Reputation: 59
I have Arabic text (.sql
pure text). When I view it in any document, it shows like this:
Øر٠اول الÙباى انگليسى ØŒ Øر٠اضاÙÙ‡ مثبت
But when I use an HTML document with <meta http-equiv="Content-Type" content="text/html; charset=utf-8"/>
, it shows properly like this:
حرف اول الفباى انگليسى ، حرف اضافه مثبت
How can I convert it to readable text?
Upvotes: 4
Views: 10836
Reputation: 471
I have written this function to help you:
function convertToArabic($input) {
$arabicMap = [
'ب' => 'ب',
'ت' => 'ت',
'Ø«' => 'ث',
'ج' => 'ج',
'Ø' => 'ح',
'Ø®' => 'خ',
'د' => 'د',
'Ø°' => 'ذ',
'ر' => 'ر',
'Ù€' => 'ر',
'ز' => 'ز',
'س' => 'س',
'Ø´' => 'ش',
'ص' => 'ص',
'ض' => 'ض',
'Ø·' => 'ط',
'ظ' => 'ظ',
'ع' => 'ع',
'غ' => 'غ',
'Ù' => 'ف',
'Ù‚' => 'ق',
'Ùƒ' => 'ك',
'Ù„' => 'ل',
'Ù…' => 'م',
'Ù†' => 'ن',
'Ù‡' => 'ه',
'Ùˆ' => 'و',
'ÙŠ' => 'ي',
'ا' => 'ا',
'Ø¥' => 'إ',
'ئ' => 'ئ',
'Ø£' => 'أ',
'Ø¢' => 'آ',
'ÙŽ' => 'ـ',
'Ø¡' => 'ء',
'Ù‰' => 'ى',
'Ù' => 'ِ',
'Ø©' => 'ة',
'ؤ' => 'ؤ',
];
$output = strtr($input, $arabicMap);
return $output;
}
Upvotes: 2
Reputation: 597896
The Arabic text has been encoded to bytes using UTF-8.

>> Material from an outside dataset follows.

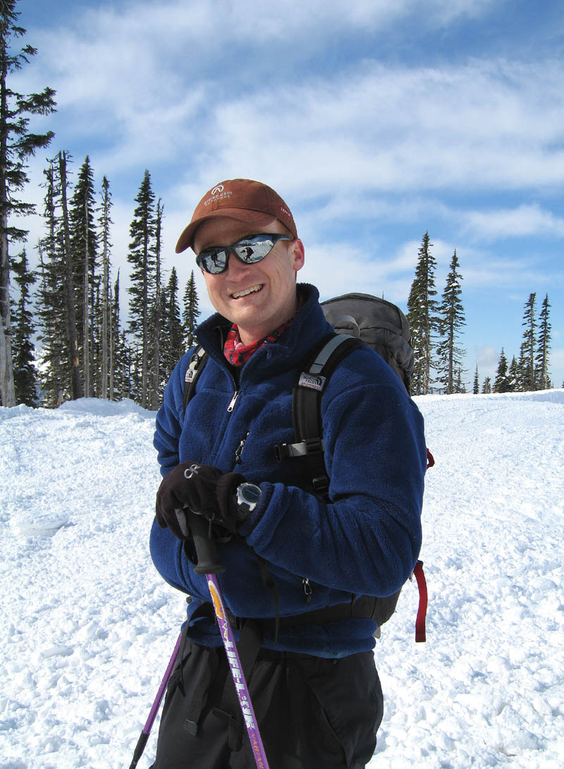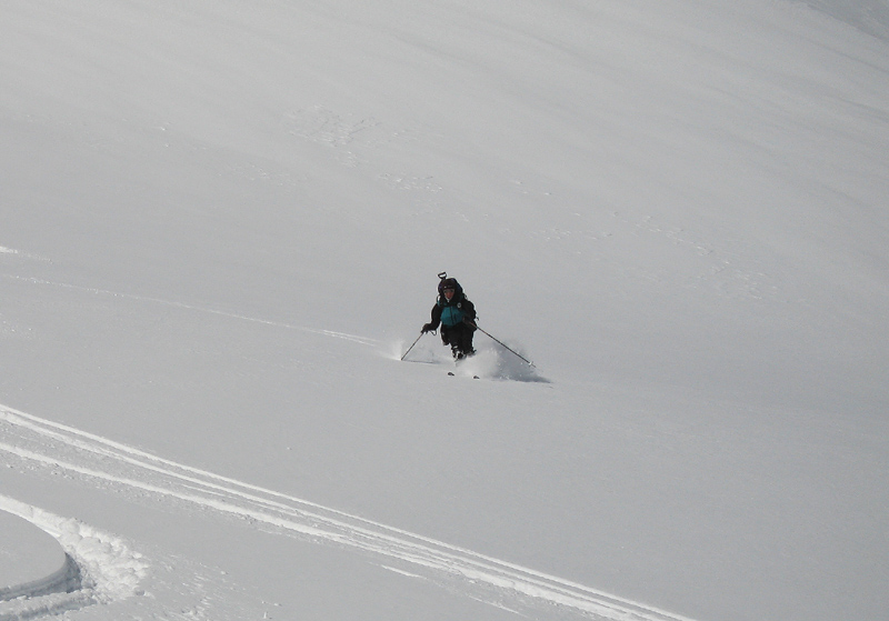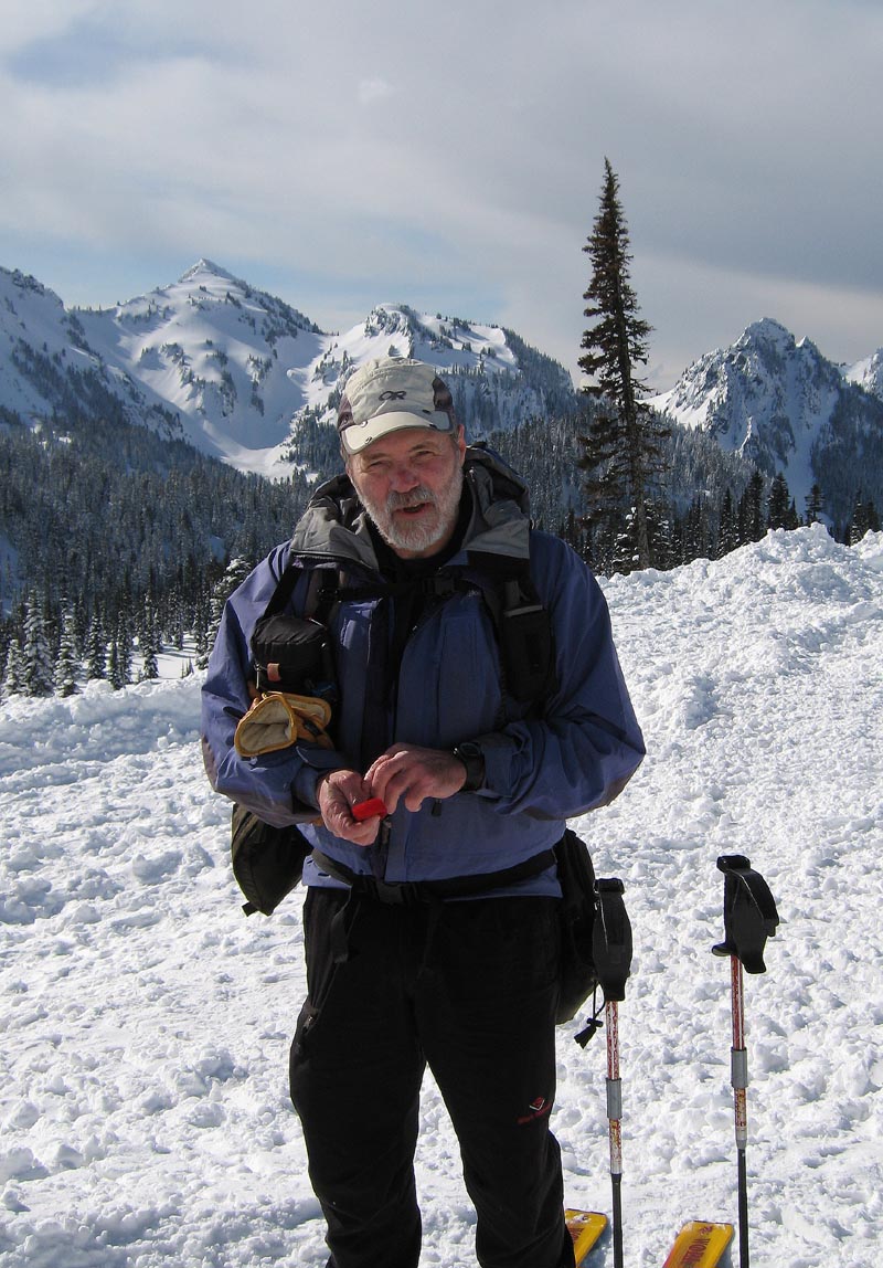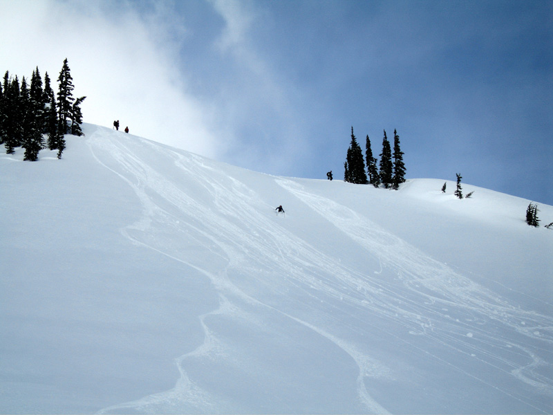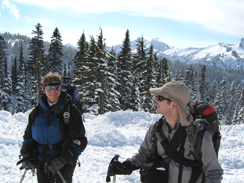 Thanks Stefan for getting another year older and planning your very own birthday ski in the Mazama Bowl ;D. Several of us met at the Tall Timbers in Eatonville before heading to Paradise for some fun. The gate at Longmire opened before 9:00 a.m. with clear skies, sun, no wind and lots and lots of new snow ;D. 16 of us gathered in the parking lot, prepared our gear and headed down the lower Paradise road to the bowl. We skinned across acres and acres of fluffy new snow, arriving at the sun filled bowl only finding a couple of tracks. South facing aspects started out with good skiing, but crusted up quickly as the sun was partialy covered and the temps dropped. We were scattered in all directions of the bowl getting our fill of fresh, light, and some crust conditions. North facing aspects seemed to survive skiability throughout the day better than south facing. Several layers, beginning about 4 inches down and 6 inches apart with varying degrees of bonding between the layers, down to about 18 inches with no easy shears noted. No releases noted except natural point releases on very steep slopes. We set up party central at the base of the bowl, and met there occasionally, for some great food, wine, and peanut butter pie. You can see some of our fun here ;D.

You are explicitly telling the HTML document that the bytes are encoded in UTF-8, which is why any HTML viewer will be able to display the text correctly.
However, any other text viewer will not know the bytes are encoded in UTF-8, unless you put a UTF-8 BOM in front of the text, and the viewer supports BOMs. Otherwise, as you are seeing, a text viewer may instead interpret the bytes in Latin-1 or similar encoding instead. So, you would have to manually tell the text viewer to interpret the bytes as UTF-8 instead. But how you actually do that depends on the particular text viewer you are using. Not all viewers offer this option.
Upvotes: 4